Getting Things Done, and Making It All Work, by David Allen. Don’t discount them (as I did on my first read) because of the antiquated technology he talks about - just skip those parts. He has some Insights videos that discuss various aspects of GTD that are, well, insightful. I would suggest periodically rereading them as your system and thinking develop.

Finally: it’s a process. Make your best attempt at a workflow/system/process, use it, incorporate feedback on what works and what doesn’t, refine, iterate.


Thank you so much for your feedback. I’ve read the David Allen books (discovered them in this forum) and GTD certainly is a part of my life (ish).
Omnifocus is second nature for be at this point.
Your points about Curio are EXACTLY why I bought it - I’m going to have to take a second look at it. I am truly fed up with searching for file’s and Not knowing where to store tidbits for future reference.
I would love an episode about this kind of ‘planning the plan’ and how to build a pipeline. Same for shortcuts for us non-programmer types. There’s always a step missing for me; how do you map out what you want a shortcut /automation to do and only after that- how do you build it.

1 Like

Ulysses is part of Setapp.

Yeah—I’ve never been able to take the SetApp plunge.

A recent description of my Personal Knowledge Management System (PKMS) / Life Operating System (Life OS) / Second Brain:

Although the diagram became complicated with the amount of detail I wished to convey, my system is minimalist…even primitive. For example, I am yet to implement any Quick Capture / Read Later app(s) or Mobile.
The article includes my three and six-month priorities for further evolution to address these and other shortcomings.
I intentionally held back from introducing any new apps other than Obsidian until I got at least 90 days under me with this simple system. A lot is possible without introducing ten or more specialized apps I see in some workflow diagrams shared on social media (e.g. Ali Abdaal’s system seen at Inside Ali Abdaal's FULL Second Brain System - YouTube)

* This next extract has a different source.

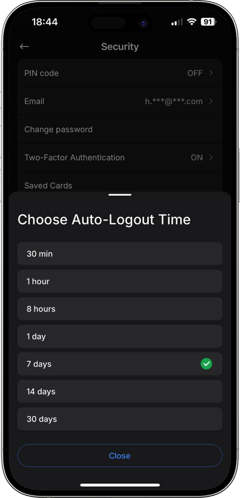 En este bloque puede establecer el tiempo de cierre automático de sesión en caso de inactividad. Si ha iniciado sesión y olvidó cerrarla, la función bloqueará el acceso a su cuenta en el dispositivo desde el cual accedió. Los intervalos disponibles son: 30 minutos, 1 hora, 8 horas, 1 día, 7 días, 14 días y 30 días.

Wow, out of the starting gate (first timer) with an amazing post!


The video reinforced my use of Apple Notes for my workflow needs and preferences.

I keep a lot of “I might need this random bit of info later” things.

I have a rule:
PDF or Markdown

If eg it’s a webpage I want to keep, I save it to PDF. I do the same with interesting newsletters, reports (most these are pdf already), digital books, etc.

If it’s “a fragment” (a few sentences or a paragraph), eg “Tahitian limes are actually Persian limes, Citrus x latifolia” I just stick that in a Markdown file.

I don’t use other file types for storing stuff, because for me it’s too easy to get distracted wondering how to save something. These two formats are relatively future proof (as much as things can be in tech land anyway) and compatible across devices/OS.

It all gets put in DevonThink ready to be found when I one day need it.


The good thing about PDFs is that you get what you see. Whether a web site uses scripts to prevent you from saving content, or just to display content that is dynamically generated or generated in your user agent, you can save, take a look at it and don’t worry about it anymore.

PDFs are one of the worse formats to save any formatted content that you may want to process/edit or extract later (such as any images) however.